For Seasonal Affection Deficit Victims, End of Holidays is SADD

WELLESLEY FALLS, Mass.  Marci Bowline is noted among her suburban housewife peers for her enthusiastic, some would say aggressive approach to the holiday season that runs from Thanksgiving to New Year’s Day.  “I’m not saying she’s over-the-top,” says a neighborhood acquaintance named Judy Blasner who asked to remain anonymous, “but her gingerbread house was so big they had to get a zoning variance.”

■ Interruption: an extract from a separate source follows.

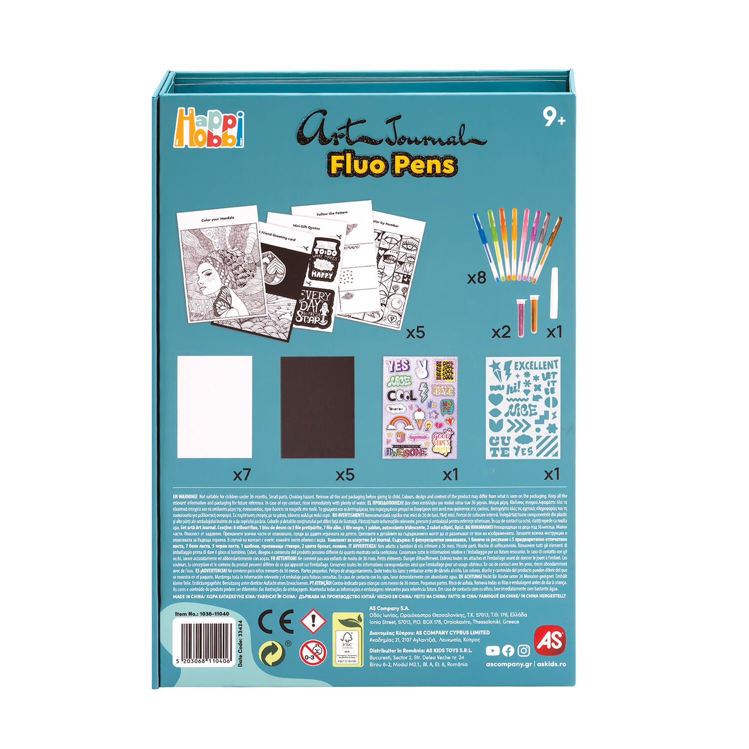Το Art Journal Fluo Στυλό, είναι η απόλυτη ατζέντα δημιουργικής έκφρασης για κάθε παιδί που θέλει να ζωγραφίζει και να δημιουργεί οπουδήποτε βρίσκεται. Ανοίγοντας την ατζέντα σας, θα βρείτε fluo στυλό, γκλίτερ και γκλιτερωτά αυτοκόλλητα για να προσθέσετε λάμψη στις δημιουργίες σας.
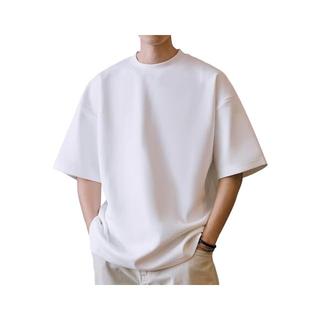 [CHANGE WELL] メンズ「2024 SS」ファッション 春夏服 9オンス エアレイヤー (半袖) スウェット 厚手 ストレッチ ビッグシルエット Tシャツカットソー (ホワイト, L)

“Honey, the building inspector says we need to add more icing to the roof.”

 

But with the end of the period of intense socializing, decorating, baking and gift-shopping comes a sense of lassitude that verges on depression, sending Marci into a tailspin from which she is unlikely to recover until–and unless–she receives an expensive item of jewelry from her husband Cliff for Valentine’s Day in February.  “Marci gets so excited stringing white lights over everything that she burns out like a space shuttle re-entering the earth’s atmosphere,” Cliff says to this reporter in hushed tones so as not to alarm his wife until she reads his comment on internet.  “I’ve tried everything short of a tranquilizer gun, nothing calms her down.”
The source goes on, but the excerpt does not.